Supplied data
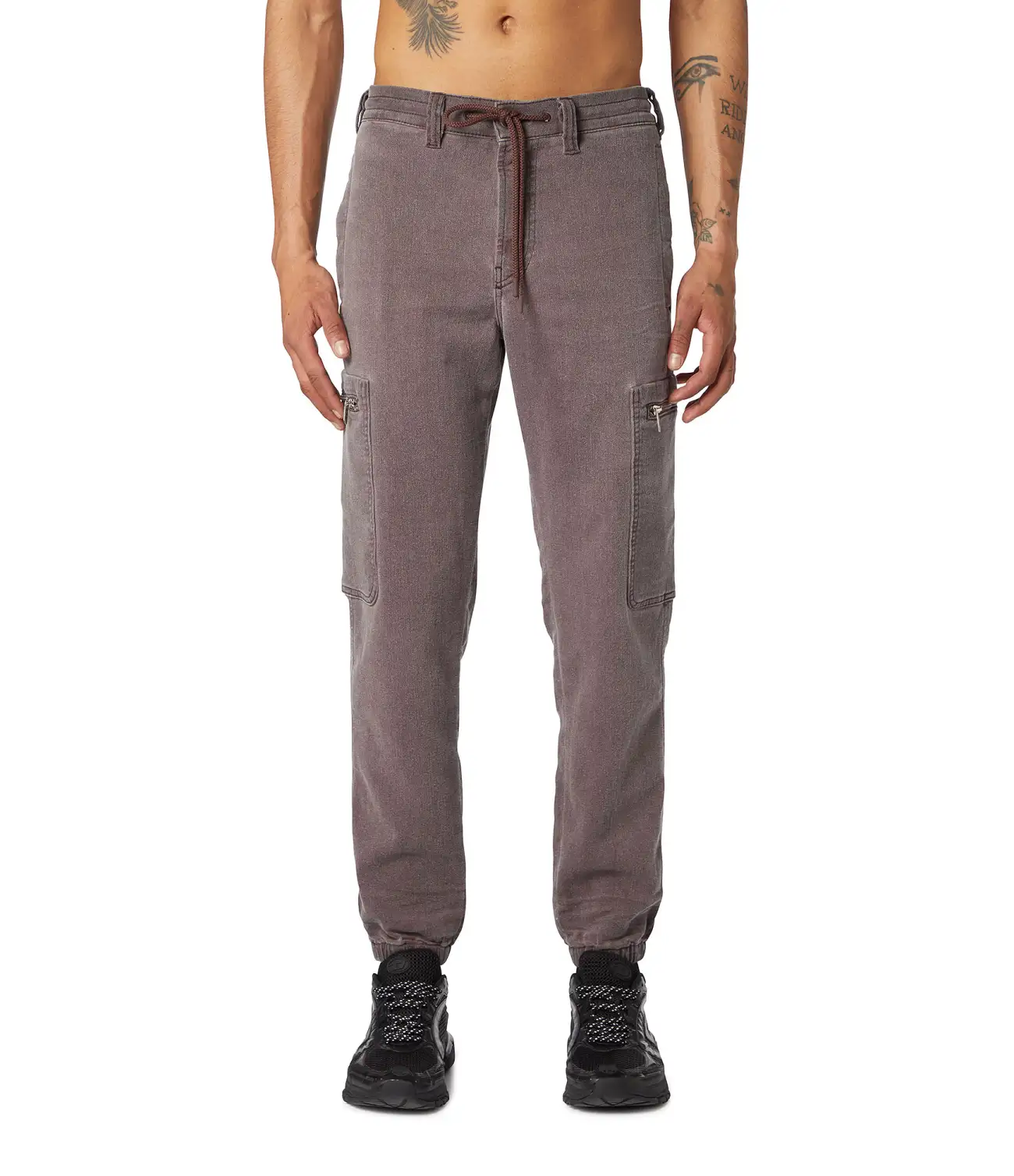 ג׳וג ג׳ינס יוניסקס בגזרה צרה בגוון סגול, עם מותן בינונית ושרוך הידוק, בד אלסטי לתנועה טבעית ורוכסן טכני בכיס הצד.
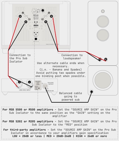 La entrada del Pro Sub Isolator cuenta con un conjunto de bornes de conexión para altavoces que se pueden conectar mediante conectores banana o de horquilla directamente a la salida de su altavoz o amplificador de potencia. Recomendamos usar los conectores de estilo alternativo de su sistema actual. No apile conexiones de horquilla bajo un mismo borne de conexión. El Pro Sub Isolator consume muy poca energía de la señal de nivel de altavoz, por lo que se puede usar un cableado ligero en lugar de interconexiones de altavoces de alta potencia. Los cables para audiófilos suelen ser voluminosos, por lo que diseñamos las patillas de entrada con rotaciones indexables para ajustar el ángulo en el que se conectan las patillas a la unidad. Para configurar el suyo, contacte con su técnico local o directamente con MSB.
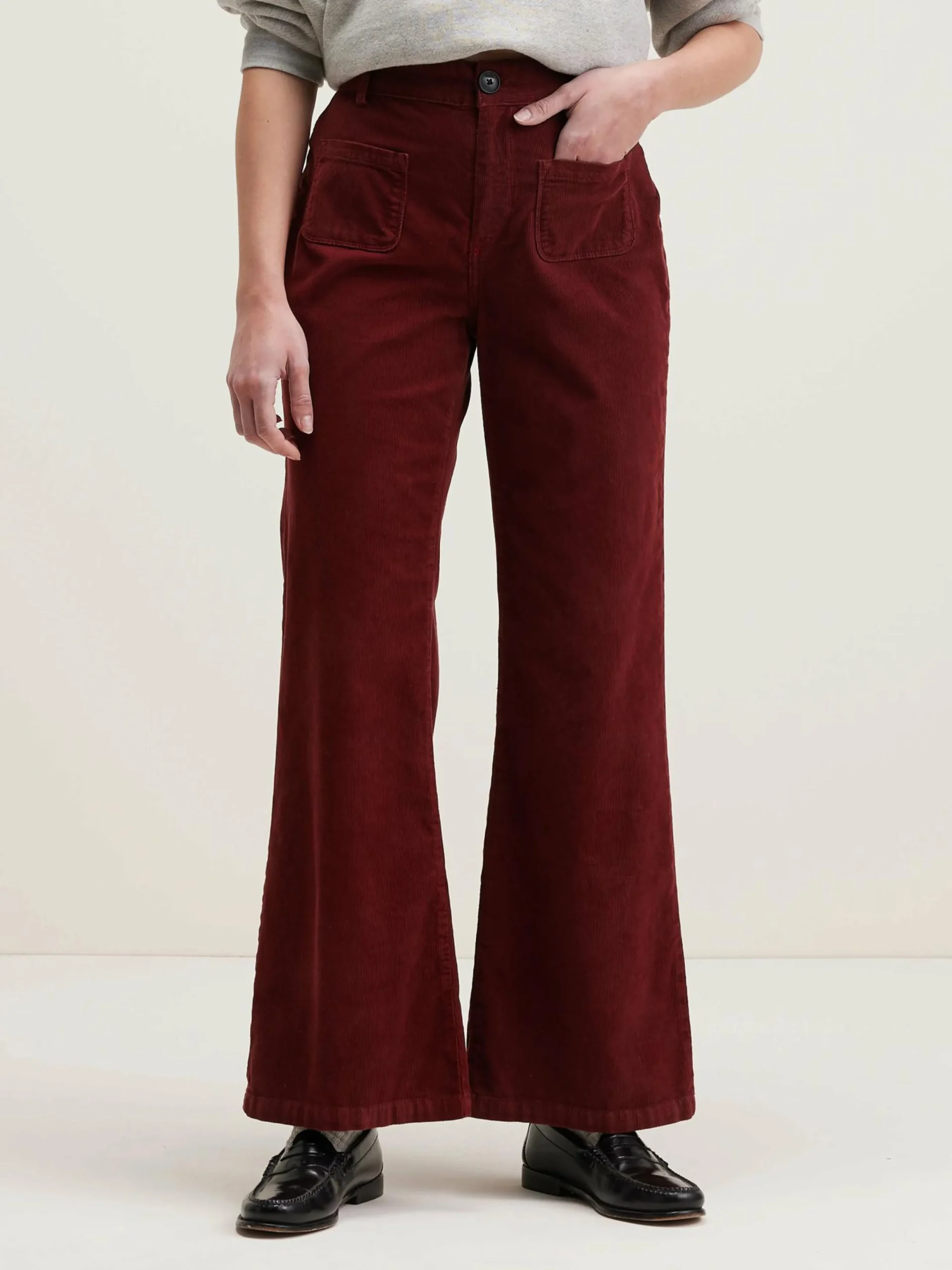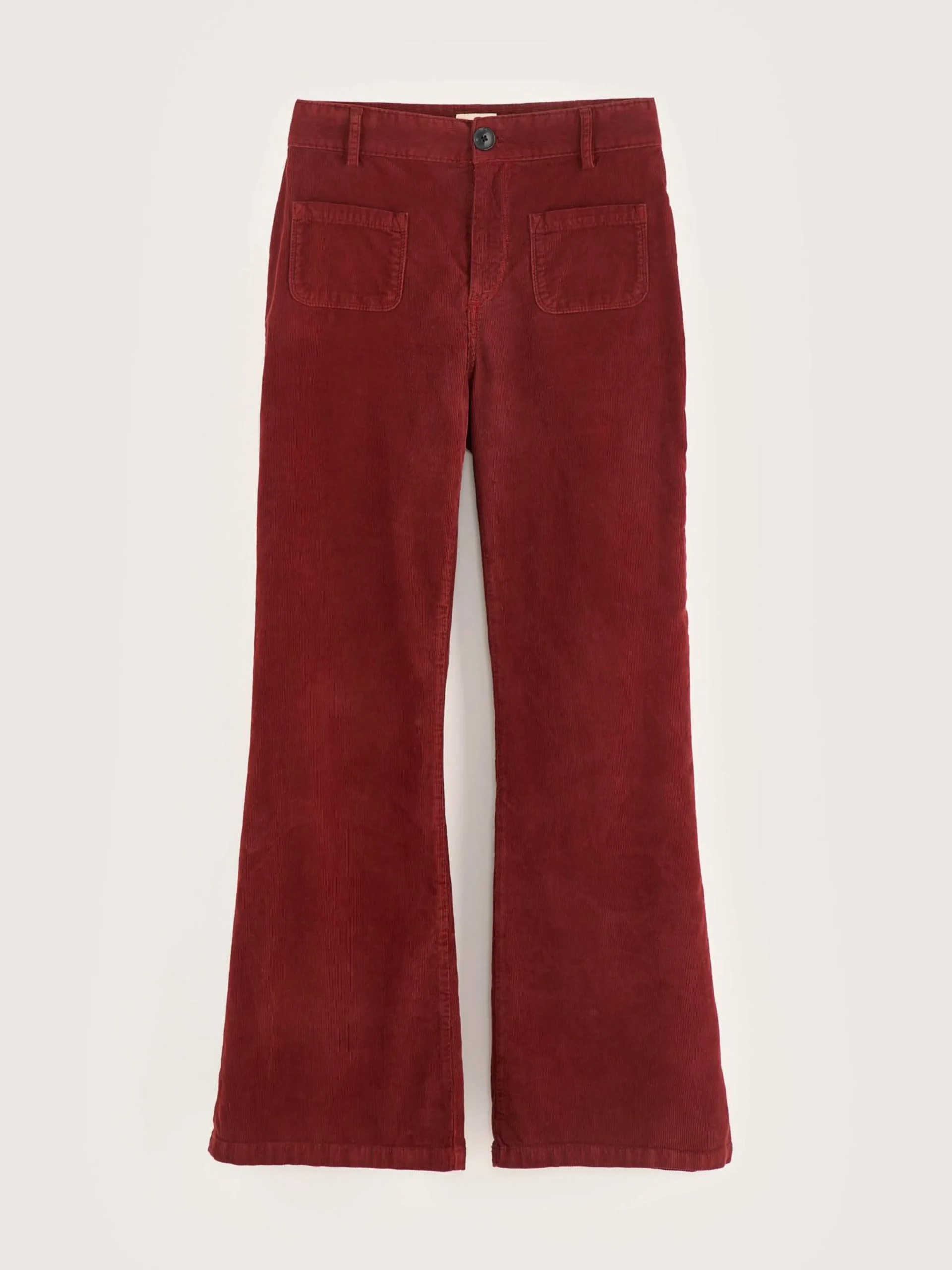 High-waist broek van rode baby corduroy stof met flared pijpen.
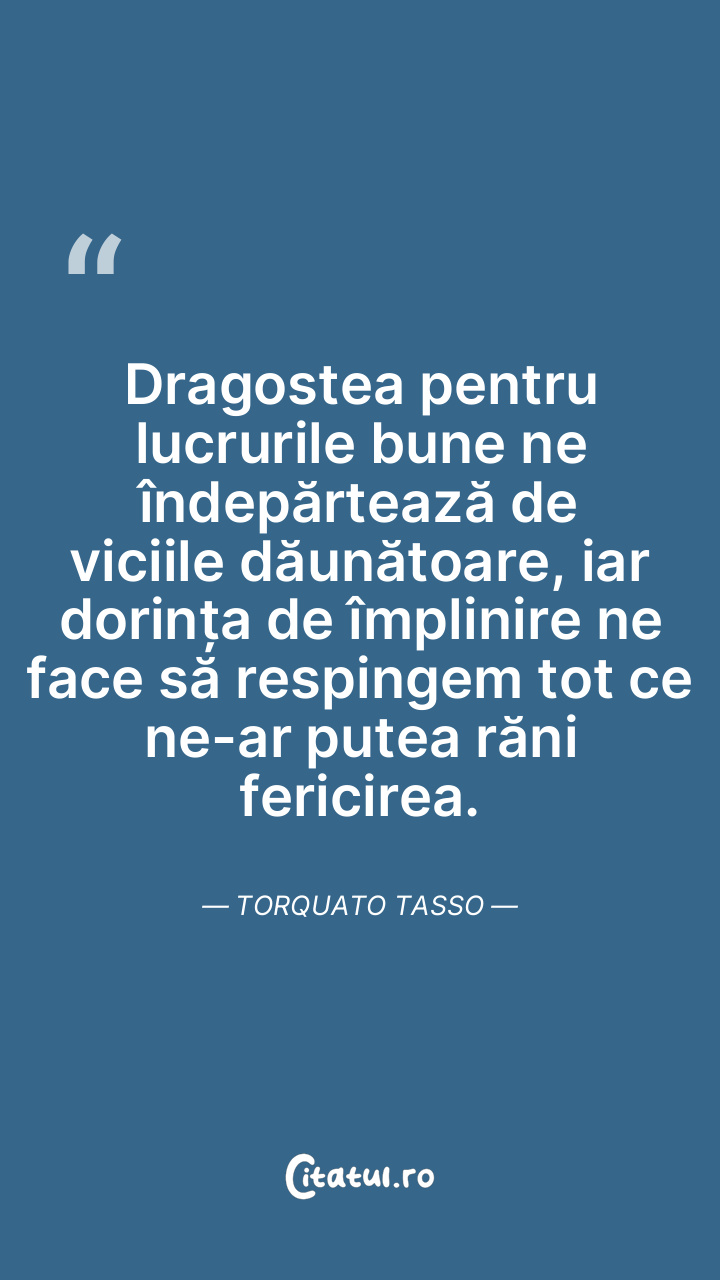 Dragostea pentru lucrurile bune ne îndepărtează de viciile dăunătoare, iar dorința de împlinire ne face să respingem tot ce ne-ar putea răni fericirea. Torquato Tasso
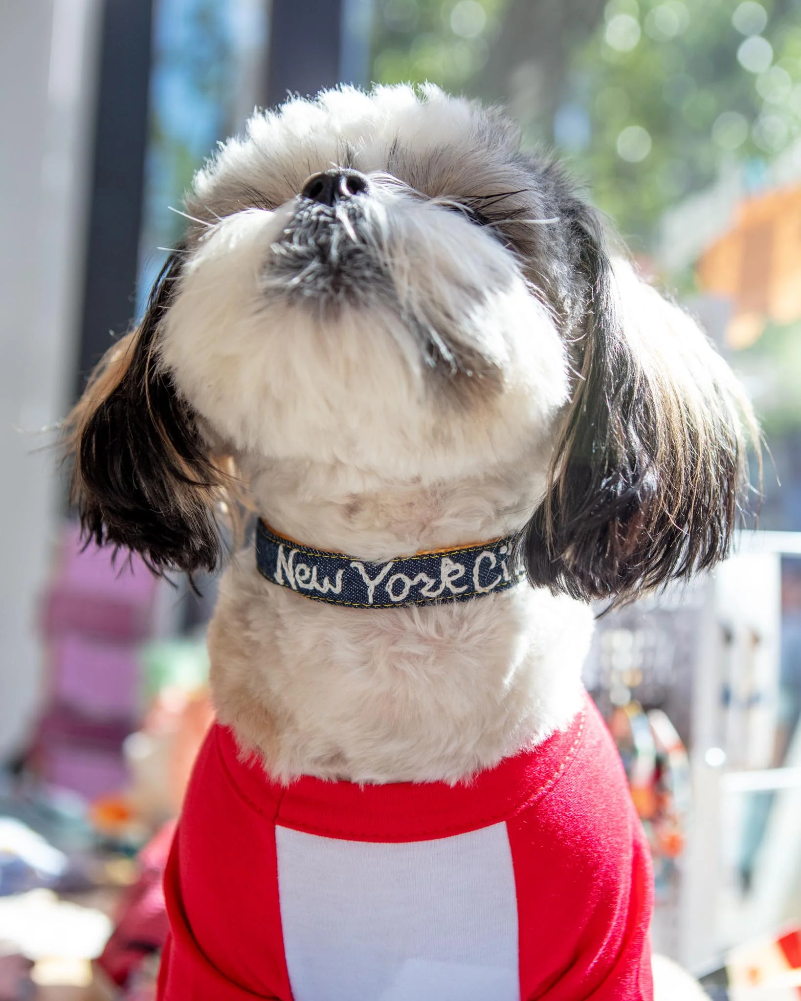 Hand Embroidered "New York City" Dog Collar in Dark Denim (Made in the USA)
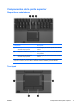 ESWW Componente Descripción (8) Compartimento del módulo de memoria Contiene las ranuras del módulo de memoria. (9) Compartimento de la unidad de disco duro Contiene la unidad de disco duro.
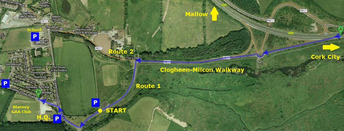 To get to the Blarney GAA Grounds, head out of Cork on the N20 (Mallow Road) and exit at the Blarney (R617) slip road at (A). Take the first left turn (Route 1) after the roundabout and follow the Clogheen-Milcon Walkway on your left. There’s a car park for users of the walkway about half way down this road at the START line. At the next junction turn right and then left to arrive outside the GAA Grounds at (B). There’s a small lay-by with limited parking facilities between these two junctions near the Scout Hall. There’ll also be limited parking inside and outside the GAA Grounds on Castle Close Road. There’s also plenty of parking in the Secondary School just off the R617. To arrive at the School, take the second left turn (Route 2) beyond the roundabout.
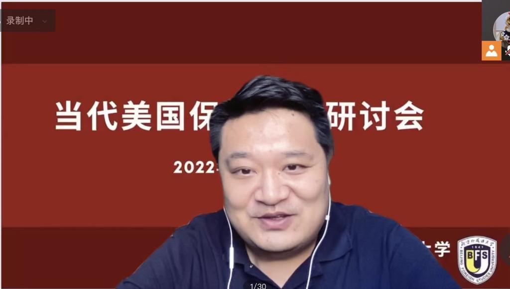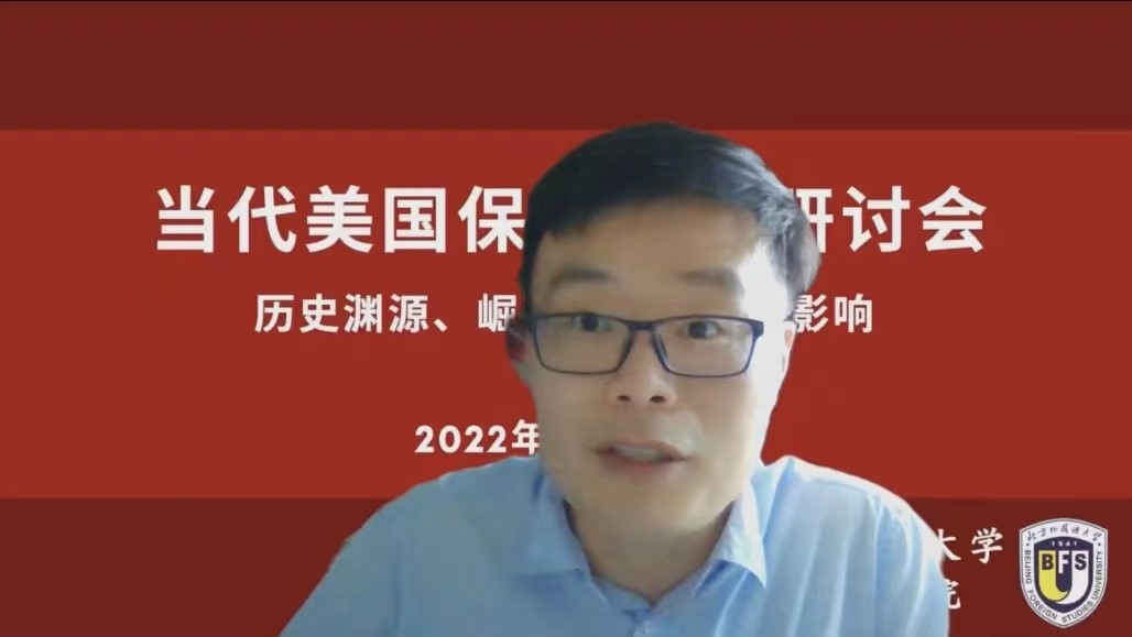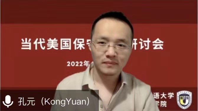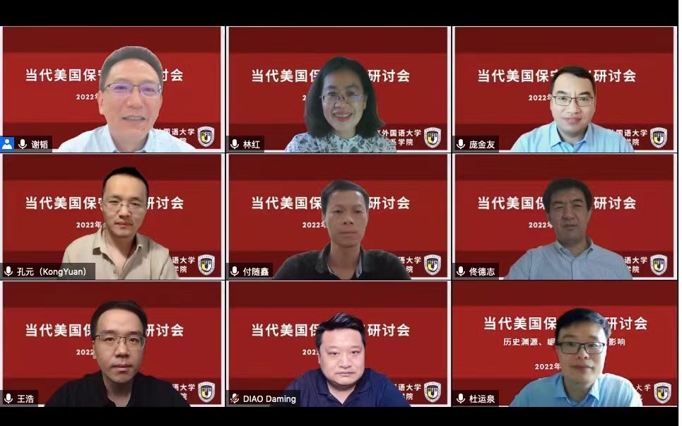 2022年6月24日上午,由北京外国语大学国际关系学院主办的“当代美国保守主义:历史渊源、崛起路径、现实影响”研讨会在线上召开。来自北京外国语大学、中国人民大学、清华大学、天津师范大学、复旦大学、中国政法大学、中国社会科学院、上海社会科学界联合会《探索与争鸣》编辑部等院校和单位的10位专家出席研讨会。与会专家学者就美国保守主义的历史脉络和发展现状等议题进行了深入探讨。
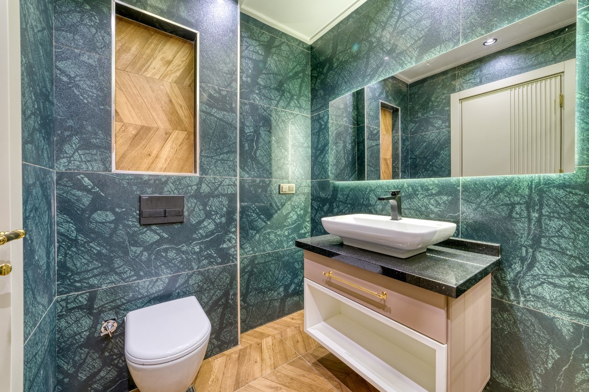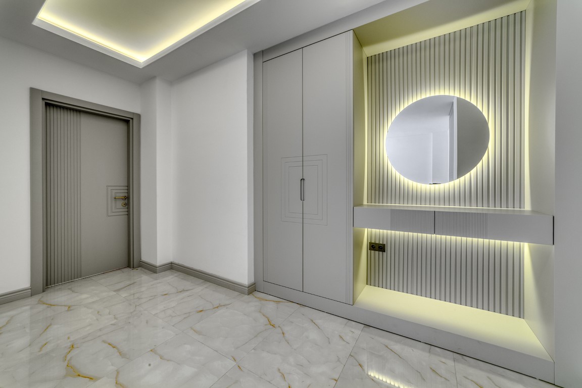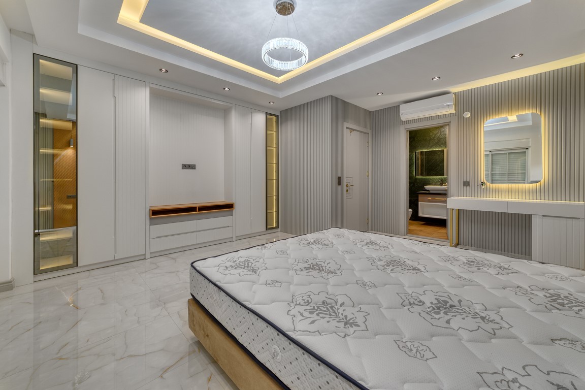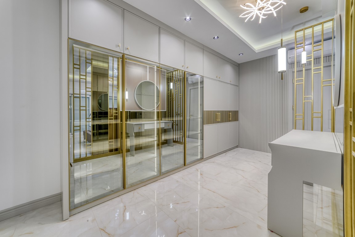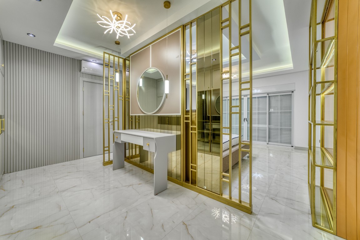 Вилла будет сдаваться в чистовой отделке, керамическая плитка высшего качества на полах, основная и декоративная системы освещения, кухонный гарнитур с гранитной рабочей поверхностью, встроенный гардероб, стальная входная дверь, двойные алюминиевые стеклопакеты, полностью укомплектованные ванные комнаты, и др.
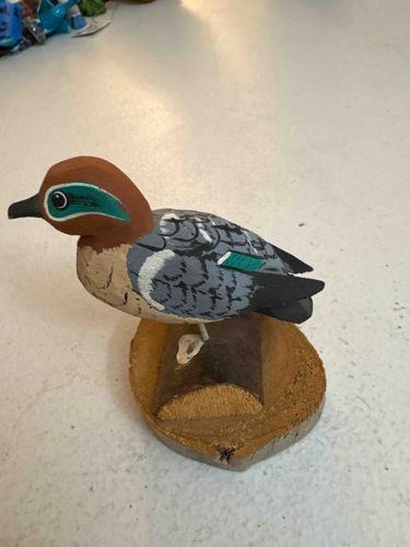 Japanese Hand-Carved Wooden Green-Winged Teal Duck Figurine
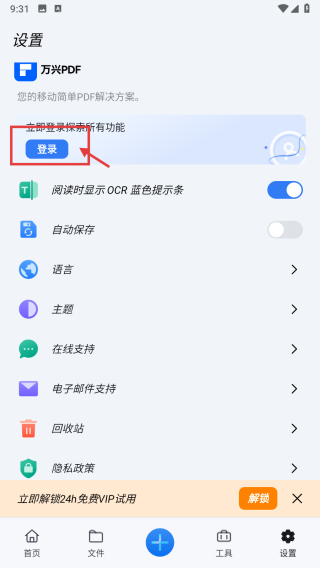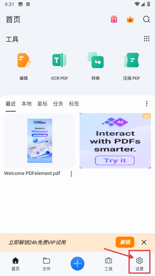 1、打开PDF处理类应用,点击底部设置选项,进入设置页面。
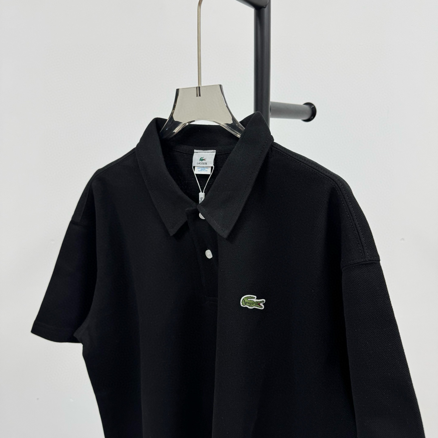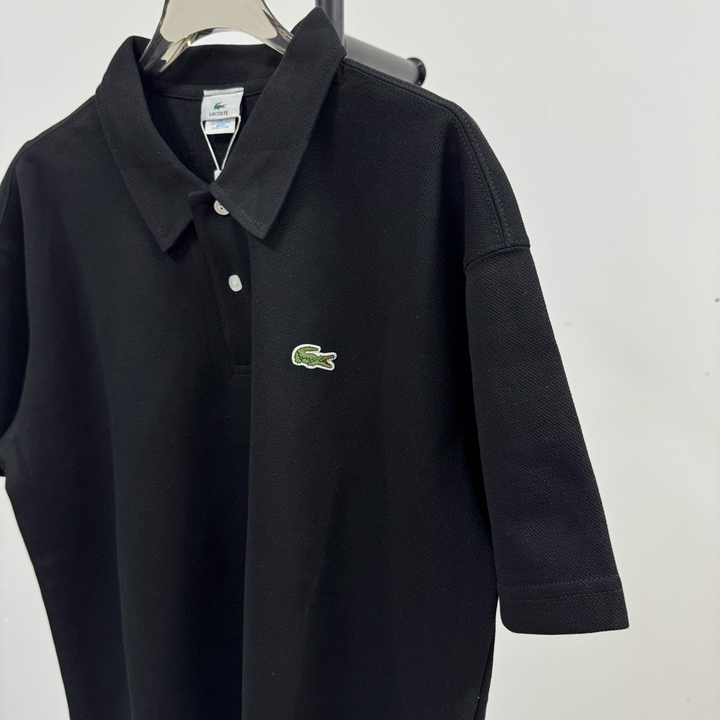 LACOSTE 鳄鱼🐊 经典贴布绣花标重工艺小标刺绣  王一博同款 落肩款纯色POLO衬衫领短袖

Aim of the task
Leave out the pictures and output everything else in the records exactly.

Written solution
 ג׳וג ג׳ינס יוניסקס בגזרה צרה בגוון סגול, עם מותן בינונית ושרוך הידוק, בד אלסטי לתנועה טבעית ורוכסן טכני בכיס הצד.
 La entrada del Pro Sub Isolator cuenta con un conjunto de bornes de conexión para altavoces que se pueden conectar mediante conectores banana o de horquilla directamente a la salida de su altavoz o amplificador de potencia. Recomendamos usar los conectores de estilo alternativo de su sistema actual. No apile conexiones de horquilla bajo un mismo borne de conexión. El Pro Sub Isolator consume muy poca energía de la señal de nivel de altavoz, por lo que se puede usar un cableado ligero en lugar de interconexiones de altavoces de alta potencia. Los cables para audiófilos suelen ser voluminosos, por lo que diseñamos las patillas de entrada con rotaciones indexables para ajustar el ángulo en el que se conectan las patillas a la unidad. Para configurar el suyo, contacte con su técnico local o directamente con MSB.
 High-waist broek van rode baby corduroy stof met flared pijpen.
 Dragostea pentru lucrurile bune ne îndepărtează de viciile dăunătoare, iar dorința de împlinire ne face să respingem tot ce ne-ar putea răni fericirea. Torquato Tasso
 Hand Embroidered "New York City" Dog Collar in Dark Denim (Made in the USA)
 ESWW Componente Descripción (8) Compartimento del módulo de memoria Contiene las ranuras del módulo de memoria. (9) Compartimento de la unidad de disco duro Contiene la unidad de disco duro.
 To get to the Blarney GAA Grounds, head out of Cork on the N20 (Mallow Road) and exit at the Blarney (R617) slip road at (A). Take the first left turn (Route 1) after the roundabout and follow the Clogheen-Milcon Walkway on your left. There’s a car park for users of the walkway about half way down this road at the START line. At the next junction turn right and then left to arrive outside the GAA Grounds at (B). There’s a small lay-by with limited parking facilities between these two junctions near the Scout Hall. There’ll also be limited parking inside and outside the GAA Grounds on Castle Close Road. There’s also plenty of parking in the Secondary School just off the R617. To arrive at the School, take the second left turn (Route 2) beyond the roundabout.
 2022年6月24日上午,由北京外国语大学国际关系学院主办的“当代美国保守主义:历史渊源、崛起路径、现实影响”研讨会在线上召开。来自北京外国语大学、中国人民大学、清华大学、天津师范大学、复旦大学、中国政法大学、中国社会科学院、上海社会科学界联合会《探索与争鸣》编辑部等院校和单位的10位专家出席研讨会。与会专家学者就美国保守主义的历史脉络和发展现状等议题进行了深入探讨。
 Вилла будет сдаваться в чистовой отделке, керамическая плитка высшего качества на полах, основная и декоративная системы освещения, кухонный гарнитур с гранитной рабочей поверхностью, встроенный гардероб, стальная входная дверь, двойные алюминиевые стеклопакеты, полностью укомплектованные ванные комнаты, и др.
 Japanese Hand-Carved Wooden Green-Winged Teal Duck Figurine
 1、打开PDF处理类应用,点击底部设置选项,进入设置页面。
 LACOSTE 鳄鱼🐊 经典贴布绣花标重工艺小标刺绣  王一博同款 落肩款纯色POLO衬衫领短袖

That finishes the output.